Oil-Free Roasted Garlic & Red Pepper

  1. First, roast your red pepper and garlic. Slice the top off your garlic (so insides are exposed) and slice and remove the insides of the red pepper. Place in an oven safe dish, and add about an inch of water.

  2. Roast garlic and red pepper at 400F for about 30 minutes or until the veggies are tender and the skins begin to brown. Let cool for 20 minutes, then peel garlic and remove the red pepper skins for the next step.

For the Hummus

  1. In your food processor with the blade attachment, combine the lemon juice, apple cider vinegar, sesame seeds, roasted garlic, roasted red pepper, salt, paprika, turmeric, and process until well combined.  *For oil-free hummus, sub the oil for a few tablespoons of aquafaba*

  2. Add chickpeas, and pulse until combined.
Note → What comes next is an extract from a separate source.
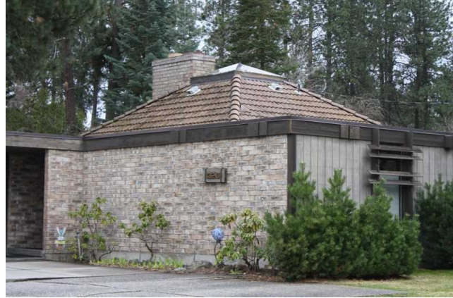
West wing, north facade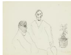
Study for 'Two Poets' , 1963 Ink on paper 21.6 x 27.9 cm 8 1/2 x 11 in

  3. With the machine running, drizzle in olive oil, and continue processing until smooth.

  4. Pour into serving container. Garnish with a few drops of olive oil, and a dusting of turmeric and paprika, if you wish. (You'll want to skip the olive oil if you're making it oil-free. )

Recipe Notes

**If you don't feel like roasting veggies, you can sub 3/4 cup jarred roasted red pepper and 2 tbsp crushed roasted garlic for freshly roasted.